Онтологическое единство любви и богатства имеет свои сложности. Так любовь и деньги часто можно обнаружить в самых антиэтических категориях. Покупающий любовь за богатство обличается в распутстве. Но что останется от любви без богатства? Любовь без богатства, есть вера без дел. Любовь без богатства есть доброе пожелание без помощи добра. Любовь без богатства так же скудна как и богатства без любви. Такая любовь есть воссоединение метафизики без физики. Это если кто-нибудь из вас скажет им: «Идите с миром, грейтесь и питайтесь », но не даст им потребного для тела (Иак 2:16). Грош цена такой любви без богатства. Потому что такое состояние построено не на воссоединении, а на разрушении. Такое богатство всегда стяжательство. Здесь так же есть две трагедии, как две крайности: «любовь в бедности» или «пышность без любви». С одной стороны можно сказать, что любви всегда нужен будет дом, а не шалаш. Долги и нищета способны разрушить семью не меньше обиды. С другой стороны, любовь за деньги всегда будет пошлостью и насилием.

«Где сокровище ваше там и сердце ваше» (Мф 6:21, Лк 12:34). Покажите ваши чеки и я скажу вам, что вы любите. И снова мы возвращаемся к вопросу: разве можно покупать дружбу? На что Писание скажет: не просто можно, но и нужно. Приобретайте себе друзей богатством неправедным. Ибо сыны века сего догадливее сынов света в своем роде (От Луки 16:8-9). Если ты свою дружбу не подтверждаешь вложениями и тратами, то такая «любовь в шалаше» не устоит. Людей надо любить, а пользоваться - вещами. Нельзя любить вещи, и пользоваться людьми. Именно любовь позволяет нам относится к людям как к ценности, а не как к средствам. Однако через то, что мы отдаем эти средства ради людей, делая добро.

Задавались ли вы когда-нибудь вопросам, почему благосостояние народа обычно так трагически сказывается на институте брака? Почему богатым так сложно устроить семейную жизнь? Почему примитивные народы имеют такие сильные семьи? Почему романы со счастливым концом обычно про бедных людей? Найти любовь среди сильных мира сего так же сложно, как пройти верблюду сквозь игольное ушко. У любви есть цена. И многие стали в очередь, чтоб купить ее. Стоимость для всех одна: все, вместе с самим собой. Все - для одних это удача, т.к. у них в кармане была только сдача. Для тех, кто побогаче, сложнее была задача.
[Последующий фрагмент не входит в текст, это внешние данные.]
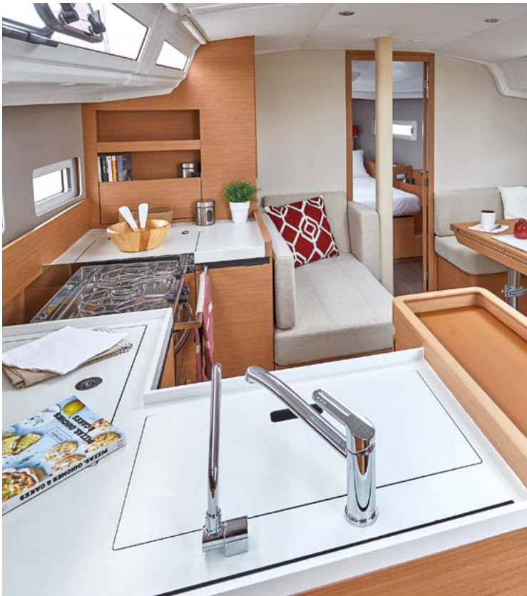
▲ A great central U-shape galley, very functional Une grande cuisine centrale en U, très fonctionnelle Eine grandiose Pantry in U-Form, sehr funktionell! Una gran cocina central en forma de U, muy funcional Una grande cucina centrale a forma di U, molto funzionale
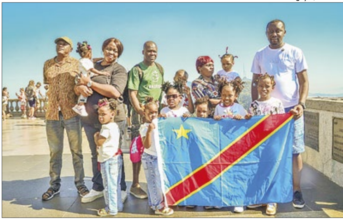
Semana Nacional do Migrante e do Refugiado tem programação para combater a xenofobia

aos pacientes durante as obras. No local, a Prefeitura vai construir um prédio de 4 andares, completamente acessível, pensado para dar ainda mais conforto, segurança e privacidade para os pacientes e profissionais médicos e de enfermagem", informou a prefeita.
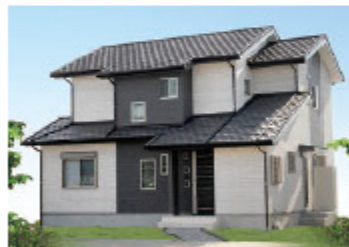
南側に配置したLDKで、太陽の恵みからただ感じる住まい。平成22年2月施工

Может покажется это банальностью, но любимое дело любви - любить, дарить. Спросите у человека даже с самой несчастной историей любви, и он скажет, что любовь несчастной быть не может. Он счастлив от того, что может любить более, нежели быть любимым. Самое сложное в любви - это не доставать звезды с неба, а не делать этого. Любовь - это воссоединение через расточение, от которого расточающий не отменяется, но обретается, реализуется. Так даже смерть за другого не означает конец, но имеет надежду воскресения. Всякий же сберегающий любовь теряет ее, отдающий - приобретает.

***

Наконец, стоит вернуться к самой любви в отношении себя. Может ли любовь проявить себя через саму себя? Будучи категорией бытия она не может этого. Любовь мы познаем только в отношении с другим: силой, справедливостью, богатством. Любовь через любовь не определяется, оставаясь лишь тавтологией, стремящейся к тождеству самого себя, к пустоте.

Любовь не просто одна из добродетелей. Она клей, без которого не может существовать ни одна из них. Добродетелей может быть тысячи, как кирпичей на стройке. Но без любви, как без цемента, не вывести дома. Увы, очень часто такие стройки так и стоят, что порой могут даже представиться свалкой или грудой строительного мусора. Разве вам не приходилось встречать такие примеры? Милость без любви – подачка. Справедливость без любви – воздаяние. Мудрость без любви – хвастовство. Миротворчество без любви – война. Даже само совершенство без любви – законничество.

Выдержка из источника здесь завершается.